先日、グラッシー博物館の中庭で開催された第7回陶器市に行ってきました。この陶器市は芸術団体テッラロッサ(Kunstverein terra rossa e.v.)により2013年に初めて企画されて以来、気候の良い6月に毎年2日間にわたり開催されています。入場料は無料です。昨年はコロナの影響で残念ながら1年延期になってしまったため、念願の開催でした。
会場のグラッシー博物館の中庭は緑がたくさんあり、過ごしやすかったです
ドイツ全土だけでなく、ポーランドやオランダから約50の窯元が、芸術団体テッラロッサとグラッシー博物館の職員によって厳選されています。お皿やマグカップ、花瓶などの実用的な陶器から、さまざまな技術で表現された磁器、アーティストとコラボレーションした作品、陶器で作られたアクセサリーや置き物など、多岐にわたる作品が集められていました。
この陶器市では作家さんから直接購入できることもあり、全体的に手に取りやすいお値段です。もちろん、大きな観賞用の置き物など高価なものもありますが、日常使いの食器やアクセサリーなどはどれもお手頃な印象でした。
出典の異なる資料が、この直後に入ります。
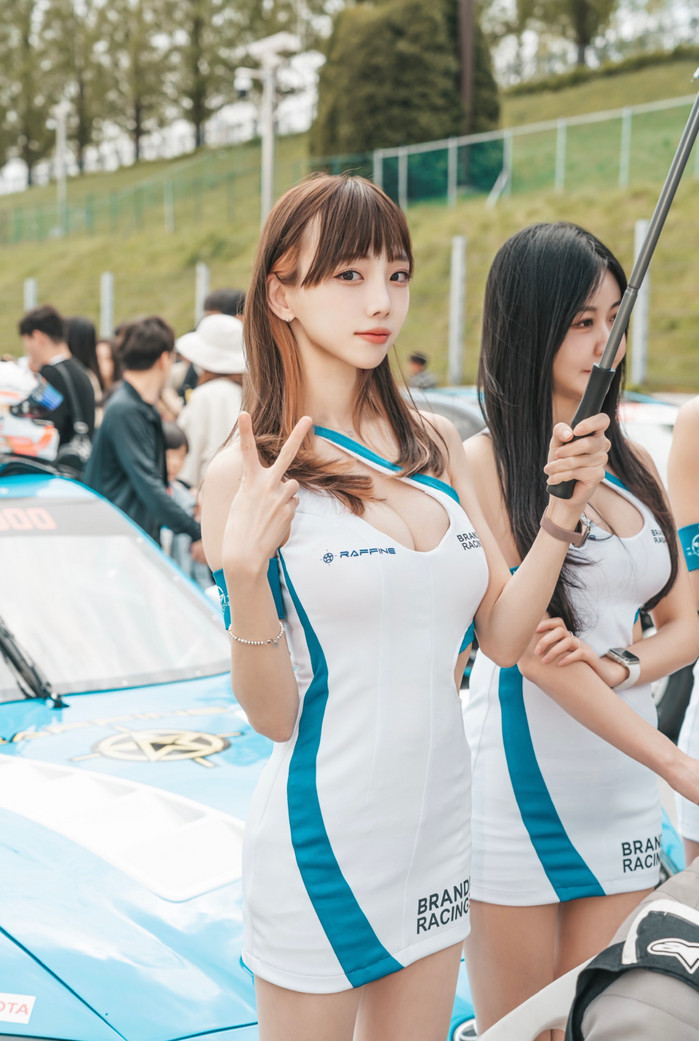 [사진설명] 2023 CJ대한통운 슈퍼레이스 관격들에게 사진포즈를 취해주고 있는 레이싱모델 심채원.

日本の陶器を連想させる作品を販売していた窯元のアナガマ・クルーガー
会場では、開場の10時に合わせて多くの人が入口付近に列を作っていました。 また、芸術団体テッラロッサによる、絵付け、手びねり、ろくろのワークショップもあり、子どもも大人も初めての陶芸体験を楽しんでいるようでした。お客さんたちは各々目当ての作家さんの元へ行き、作家さんから技法やコンセプトなどを直接聞くこともできます。
ベルリンから出店していた窯元は、アーティストがカラフルに絵付けをした1点ものの器を販売していました。一つひとつ違うデザインの器で、お気に入りを選ぶのは楽しくも難しかったです。また、女性の作家さんの窯元のブースでは、女性器のモチーフの絵付けや月経カップの収納箱などが展示されていました。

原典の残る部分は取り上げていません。